Overall Kubernetes Integration Architecture
Before diving into the two methods, understand how Wasm integrates with the Kubernetes stack. At a high level, Kubernetes orchestrates workloads through multiple runtime layers, each with specific responsibilities for managing containers or WebAssembly modules.
The two methods differ primarily in how the Wasm runtime is invoked and which components are involved.
Hybrid Cluster Architecture
Figure 12 (from thesis): The hybrid K8s cluster architecture with one master node and two worker nodes. Worker node 1 uses CRI-O with crun and WasmEdge runtime, enabling Wasm workload execution. Worker node 2 uses containerd with Fermyon Spin and the traditional runc runtime, also supporting Wasm workloads.
Both methods enable hybrid workloads: traditional containers and Wasm modules running side-by-side in the same cluster.
Method 1: crun with WasmEdge
Overview
This method uses:
- High-level runtime: CRI-O
- Low-level runtime: crun (with native Wasm support)
- Wasm runtime: WasmEdge
- Language: Rust (compiled to Wasm)
Architecture
Figure 10 (from thesis): Worker node architecture with Kubelet, a high-level container runtime (CRI-O), crun low-level runtime, and WasmEdge WebAssembly runtime, enabling the execution of Wasm workloads within a Kubernetes cluster.
How crun Detects Wasm Workloads
The critical question: How does crun know whether to run a container or Wasm module?

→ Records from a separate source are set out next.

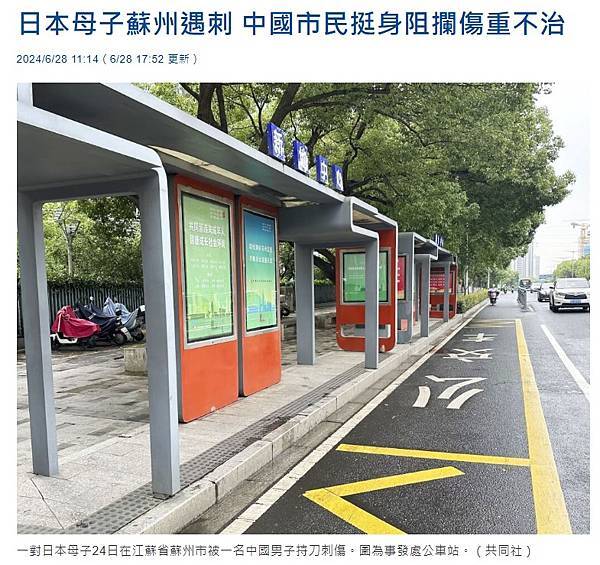 澎湃新聞今天報導,24日下午4時許,蘇州市高新區塔園路新地中心公車站發生一起持刀傷人案件,造成3人受傷,其中1人為中國籍,2人為日本籍,犯罪嫌疑人被迅速制伏。中國籍傷者胡友平在阻止嫌疑人犯罪過程中受傷嚴重,經送醫搶救無效,於26日不幸離世。2名日籍人員中,1人在院治療,無生命危險;另1人當日已出院。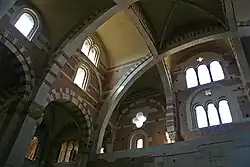 Adjoining the tower is the church of Santo Stefano which stands on the east side of a small square named after it. The church's origins date to the beginning of the second millennium, but it was largely rebuilt in the mid-17th century under a project attributed to Sebastiano Guala; work on the current façade began in 1787 but was not completed until the late 19th century. Inside are paintings by Giovanni Francesco Caroto (1480–1555), Il Moncalvo (1568–1625), Giorgio Alberini (1575/6 – 1625/6), and Francesco Cairo (1607–1665). Adorning both the walls and the vault are 15 tondi depicting prophets, apostles and the Virgin painted by Pietro Francesco Guala in 1757, the last year of his life.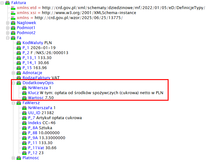 - <Klucz> zawierający nazwę klucza w KSeF tj. domyślnie W tym: opłata od środków spożywczych (cukrowa) netto w PLN,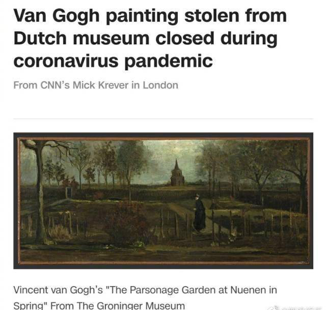 據(jù)美聯(lián)社、英國每日快報(bào)等多家媒體報(bào)道,3月30日凌晨,位于荷蘭阿姆斯特丹東部的辛格·拉倫博物館夜間遭盜賊闖入,正在展出的梵高畫作《春天花園》被盜。據(jù)悉,這件作品是該館從荷蘭北部城市格羅寧根的格羅寧格博物館借展的。作品創(chuàng)作于1884年,畫的是荷蘭小鎮(zhèn)紐南的鄉(xiāng)村風(fēng)景。據(jù)一位藝術(shù)家透露,這副畫作的價(jià)值可能高達(dá)600萬歐元。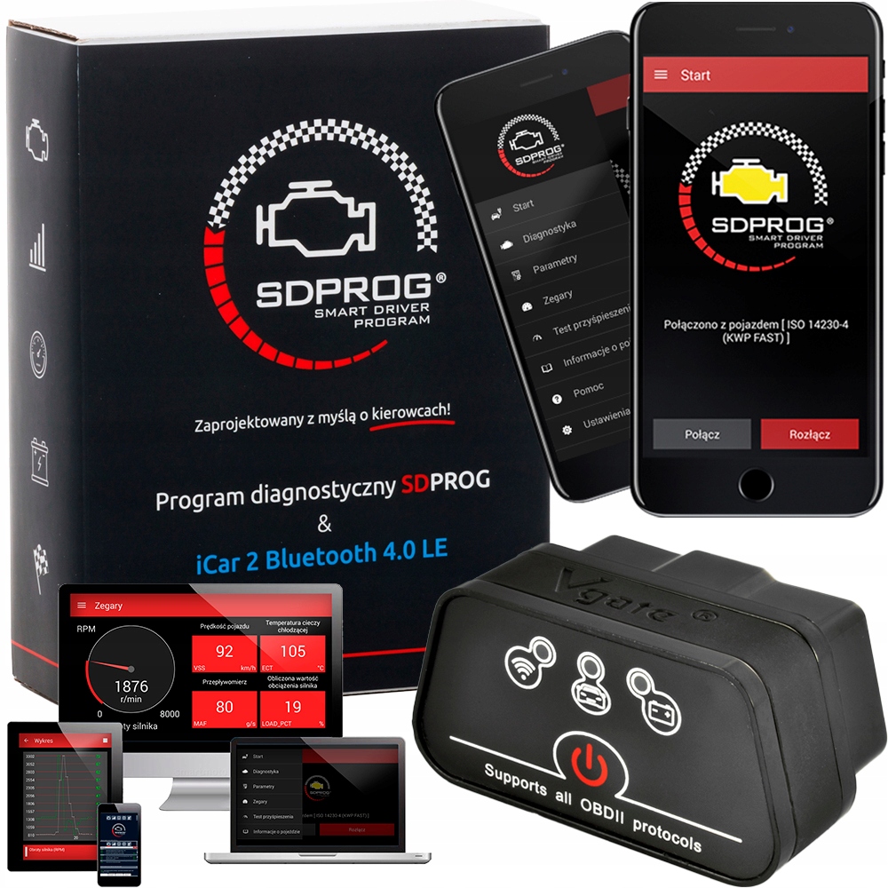 SDPROG - це сучасна, повністю польська програма діагностики автомобіля, яка надає всю найважливішу інформацію щодо експлуатації автомобіля . Інструмент інтуїтивно зрозумілий і простий у використанні. Після підключення пристрою з встановленим програмним забезпеченням до бортового комп'ютера ми отримуємо всю необхідну інформацію. SDPROG - це рішення в першу чергу для людей, які хочуть мати повний контроль над своїм автомобілем. SDPROG можуть успішно використовувати як приватні особи, так і компанії, наприклад, автомобільні майстерні.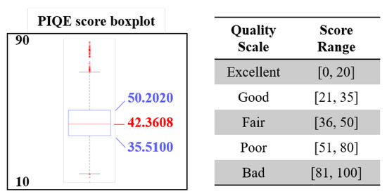 Perception based Image Quality Evaluator (PIQE) score boxplot (lower is better) computed on the Azores validation dataset. The quality of the cropped images that are used to validate the CNN proposed in this work range from 11.6928 (excellent) to 89.5572 (bad). The median value is shown in red 42.3608 (fair).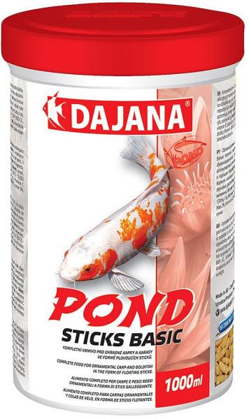Dajana Pond Sticks Basic 1000ml/90g - Teljesértékű táp tavi díszpontyok, kárászok és aranyhalak számára. Gyönyörű, egészséges, fürge halak, megfelelő színezet és kellő növekedés garantált a Dajana tavi haltápjának etetésével a kerti tavi aranyhalak és koik számára! Összetevők : Gabonafélék, halakból származó nyersanyagok, ásványi anyagok és algák. Nem szennyezi a vizet, a felszínen úszik, ezért jó követhető az elfogyasztott mennyiség. Etetési javaslat : Etessen naponta többször. Ne adjon annál többet a halaknak, mint amennyit néhány perc alatt teljesen el tudnak fogyasztani.

The answer: Annotations in the OCI specification
When CRI-O prepares a container, it checks for a special annotation:
run.oci.handler=wasmIf this annotation is present, crun:
- Recognizes the workload as Wasm
- Invokes the Wasm handler instead of container handler
- Passes control to WasmEdge runtime
- WasmEdge creates sandbox and executes Wasm module
// Annotation flow
Container Image Metadata
└─ run.oci.handler=wasm
└─ CRI-O read annotation
└─ CRI-O passes to crun
└─ crun checks annotation
└─ crun invokes Wasm handler
└─ WasmEdge executes moduleMethod 1: Implementation Steps
Step 1: Development Environment Setup
Required Software:
| Component | Version | Purpose |
|---|---|---|
| Rust | 1.75.0 | Programming language |
| WasmEdge | 0.12.1 | Wasm runtime |
| Buildah | 1.32.2 | Container image builder |
# Install Rust
curl --proto '=https' --tlsv1.2 -sSf https://sh.rustup.rs | sh
# Add Wasm target
rustup target add wasm32-wasi
# Install WasmEdge
curl https://raw.githubusercontent.com/WasmEdge/WasmEdge/master/utils/install.sh -sSf | bash
# Install Buildah
sudo apt-get install buildahStep 2: Build Wasm Workload
Project Structure:
my-wasm-service/
├── src/
│ ├── main.rs # Entry point
│ └── lib.rs # Library code
├── Cargo.toml # Rust manifest
└── Dockerfile # Container definitionExample Rust HTTP Server (main.rs):
use std::io::Write;
use std::net::TcpListener;
fn main() {
let listener = TcpListener::bind("0.0.0.0:8080")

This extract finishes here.